Roberto Pili, Michael Carducci, Peter Brown, Herbert Hurwitz

Research output: Contribution to journalArticle

4 Scopus citations

Abstract

Background This phase I study evaluated the pharmacokinetics and pharmacodynamics of CEP-11981, an oral vascular endothelial growth factor (VEGF) tyrosine kinase inhibitor, in patients with advanced, relapsed, or refractory solid tumors. Methods Oral CEP-11981 dose escalations followed a modified Fibonacci sequence (from 3.0 to 4.2, 5.9, 11.8, 19.7, 29.6, 41.4, 55.0, 73.0, 97.4, and 126.6 mg/m2). The maximum-tolerated dose (MTD), dose-limiting toxicities (DLTs), tumor response, and safety were evaluated. Results CEP-11981 was tolerated at doses between 3.0 and 97.4 mg/m2. The MTD of CEP-11981 was determined to be 97.4 mg/m2, with DLTs observed at the 126.6 mg/m2 dose. The DLTs were grade 4 neutropenia in 1 patient and grade 3 T-wave inversion with chest heaviness and fatigue in 1 patient. All 3 events resolved on stopping CEP-11981. The most frequently reported adverse events of any grade were fatigue, nausea, diarrhea, decreased appetite, abdominal pain, back pain, vomiting, constipation, headache, dizziness, and dyspnea. Treatment-related grade 3/4 neutropenia was observed in the highest-dose cohorts (2 patients at 97.4 mg/m2 and 1 patient at 126.6 mg/m2), indicating some off-target inhibition. VEGF inhibition was greatest in the higher-dose groups. Although no patient experienced complete or partial response, 44 % patients achieved stable disease when measured at ≥ 6 weeks, which occurred more frequently in cohorts receiving ≥ 73.0 mg/m2. Conclusions In patients with recurrent or refractory solid tumors, disease stabilization was achieved. Despite acceptable tolerability of CEP-11981 at the MTD, further development by the sponsor has ceased.

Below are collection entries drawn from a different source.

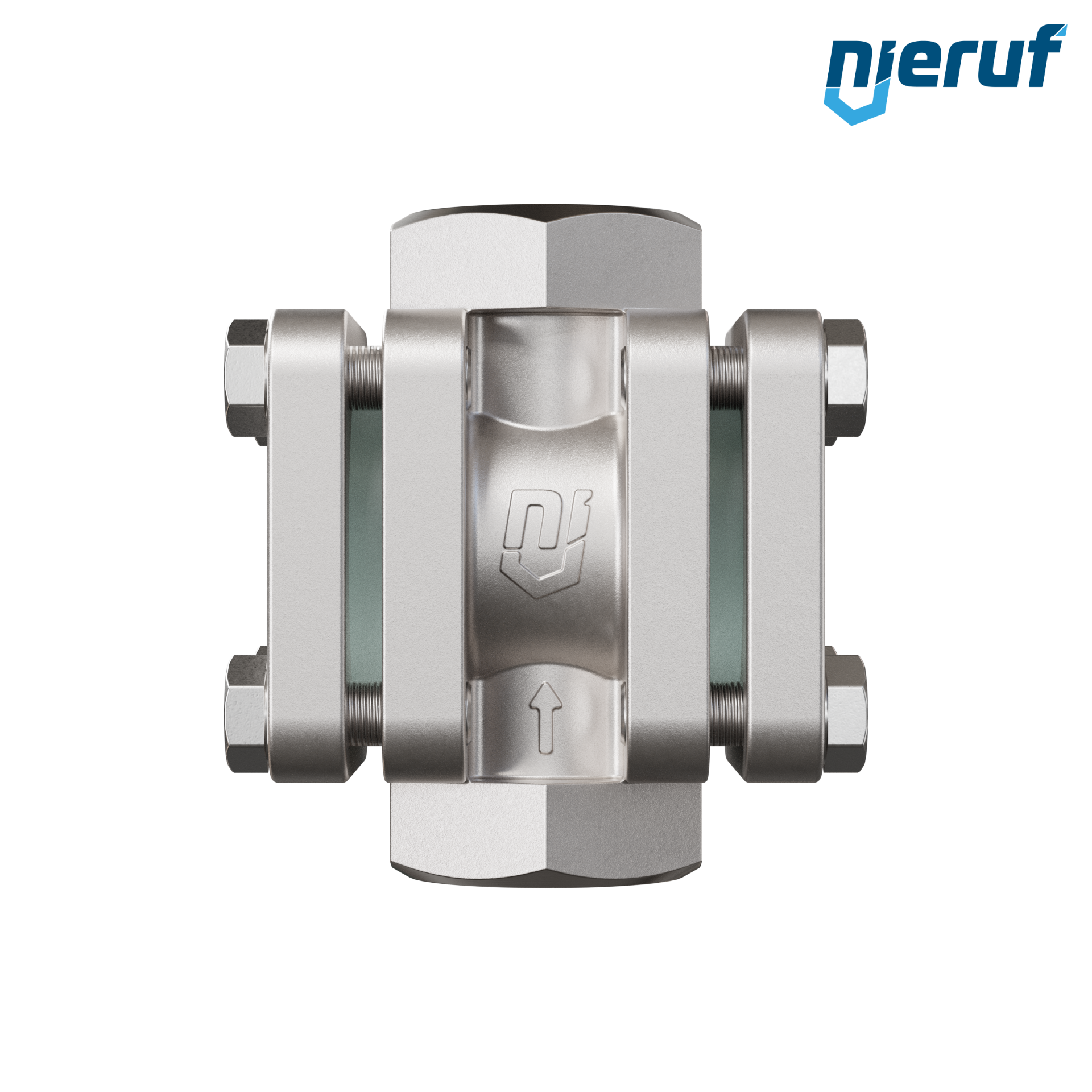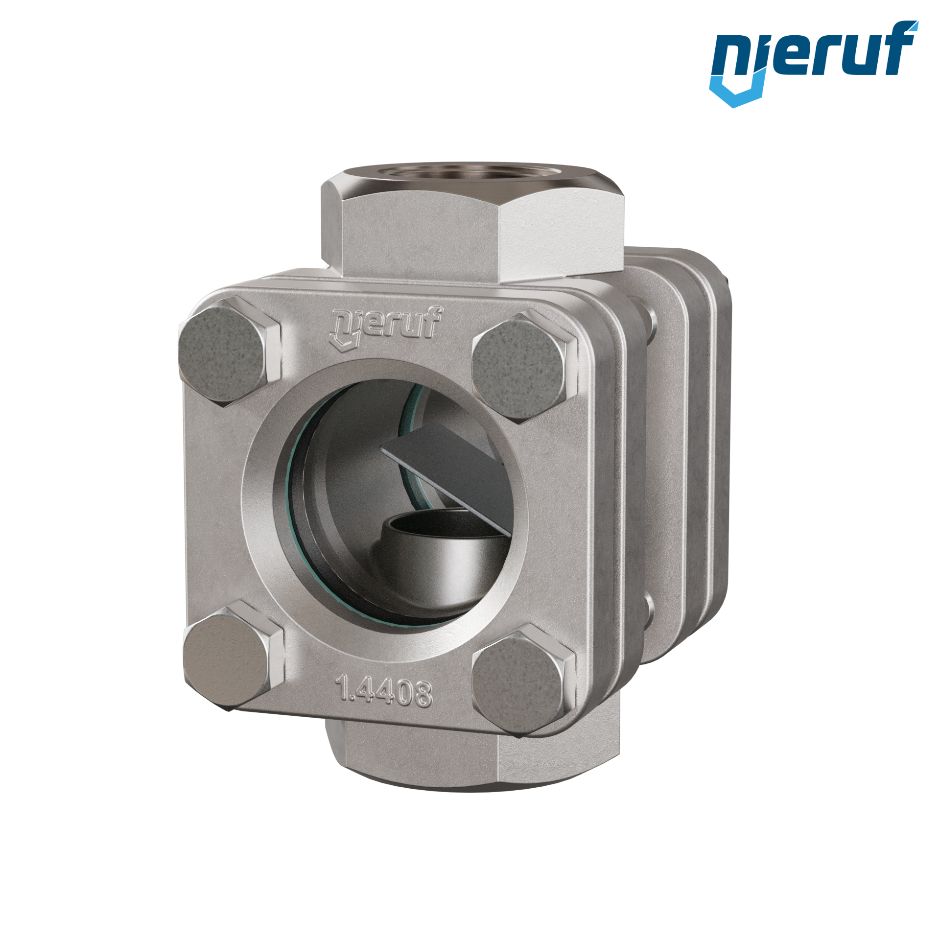 Durchfluss-Schauglas 1 1/2" Version mit Klappe Typ GS03 Borosilikatglas Graphit max 16 bar
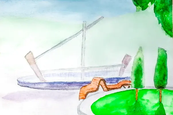 Я часто гуляю с семьёй по Черноморскому бульвару. Фонтан - мое любимое место. Он выполнен в виде корабля с парусом из струй воды и напоминает о море. Поэтому мне захотелось его нарисовать.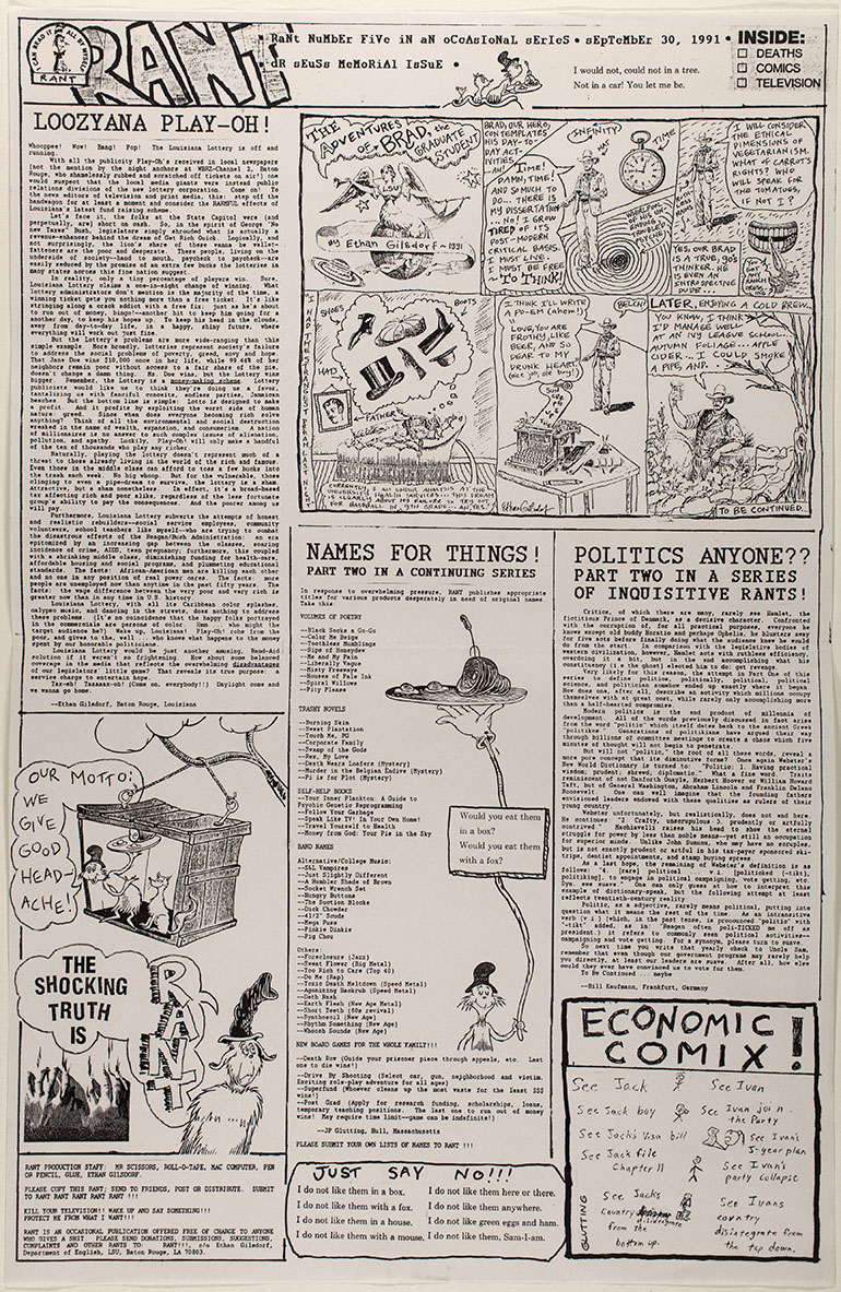 Just as the name implied, this series of eight 11” x 17” single-sided broadsides disseminated the strident opinions of Ethan Gilsdorf, a student in the English Department who apparently held sole responsibility for its content. Although evidently ruminating on such subjects as the First Iraq War, the Louisiana lottery, voter apathy, the rainforests, and Oliver Stone’s JFK, much of the content of Rant remained largely (and perhaps deliberately) perplexing, confounding, and entirely unfathomable to the post-collegiate intellect.

Original languageEnglish (US)
Pages (from-to)1258-1268
Number of pages11
JournalInvestigational New Drugs
Volume32
Issue number6
DOIs
StatePublished - Dec 1 2014
Externally publishedYes

Keywords

  • Dose-finding study
  • Multitargeted inhibition
  • Safety profile
  • Tie-2
  • Tyrosine kinase inhibitor
  • Vascular endothelial growth factor

ASJC Scopus subject areas

  • Oncology
  • Pharmacology
  • Pharmacology (medical)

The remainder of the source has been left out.